I supported another successful UIUC Girls Astronomy Summer Camp, which was held July 22-26, 2024. This year I again deployed a dedicated JupyterHub service that allowed the students to run code in Jupyter notebooks independently on their own JupyterLab servers during the five one-hour tutorial sessions. My points of contact were the camp instructors Maggie Verrico, Janiris Rodriguez-Bueno, and Aadya Agrawal.

Cluster provisioning

Due to a last-minute failure of the cluster originally hosting the GASC services, I provisioned a new, dedicated cluster on Jetstream2 using our Terraform and DecentCI recipe. JS2 was stable and provided all the resources we needed.

Identity and access management

Because they are in high school, the students needed local accounts that do not rely on an email address or a third-party service. Unlike previous years, I used the NativeAuthenticator plugin that makes it easy for hub admins to dynamically authorize users as they sign up to create their local JupyterHub accounts during the first tutorial session. This solution is the simplest while providing the most flexibility and control to the GASC instructors; however, if additional web services requiring authentication are needed, the Keycloak server might be a better option so that there is a central source of user accounts. That being said, given the small number of students at the event, manually creating local accounts could be a desirable option to reduce the complexity introduced by a Keycloak deployment.

Resource allocation and limits

If students are all going to run the same code in a given session, then the memory limits can be much higher than T/N, where T is total node memory and N is the number of jupyterlab servers, because multiple servers access the same memory addresses when opening the same files.

This year we had 3 worker nodes (8 CPU / 30 GB each) and about 5 active servers on each node (19 total servers). Peak usage per node was roughly 3 CPU / 18 GB.

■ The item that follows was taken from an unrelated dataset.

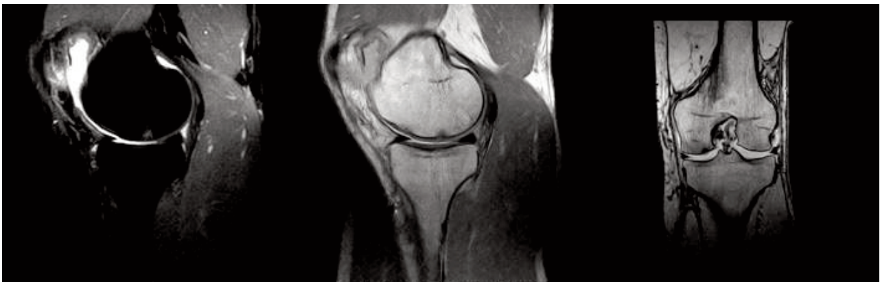
Figure 1. Chondral lesion in the medial femoral condyle after knee trauma. In both STIR and T2 weighted sequences it's well documented a focal chondral lesion (Outerbridge 3) with subchondral edema.

The patient was discharged the same day, with the prescription of a period of relative rest and protected weight bearing for about 10 days. At 2 weeks, the patient resumed usual activities, including sports, but, 3 months after, was selected for a single injection of autologous micro-fragmented adipose tissue (Lipogems ® ) because of the persistence of pain and the unsatisfactory results. No restrictions of activity nor rehabilitation protocol after Lipogems ® treatment were done for this patient, which was treated as an outpatient. Full weight bearing and walking was permitted.

We had two 200GB OpenStack volumes mounted to two of the worker nodes, providing fast local storage for the individual server files (1GB) and the shared files (100GB) mounted at /home/jovyan/shared. At the end of the five tutorial sessions, 35GB were consumed.

Size  Used  Avail  Use%   Mounted on
 98G   35G    64G   36%   /home/jovyan/shared

Planning for next year

Instructors

  • Require estimates of file storage capacity and CPU & memory needs well in advance.

  • Give instructors a deadline for installing files and testing the performance.

NCSA staff

  • Create a test harness for running all notebooks simultaneously for robust testing before event.

  • Deploy a real-time load monitor showing CPU/memory per server vs time.

  • Enhance the Terraform deployment repo to automatically provision Cinder volumes for shared storage so that manual OpenStack volume provisioning and Longhorn are unnecessary.

Illinois Computes Research Notebooks

We should consider using the new Illinois Computes Research Notebooks service next year. Due to the resource limits in the docs (1 CPU core guaranteed, 4 possible; 2GB guaranteed system memory, 8GB possible; 100GB persistent file storage) there would need to be some custom resource limits for the camp, as well as a way for students to authenticate without UIUC accounts.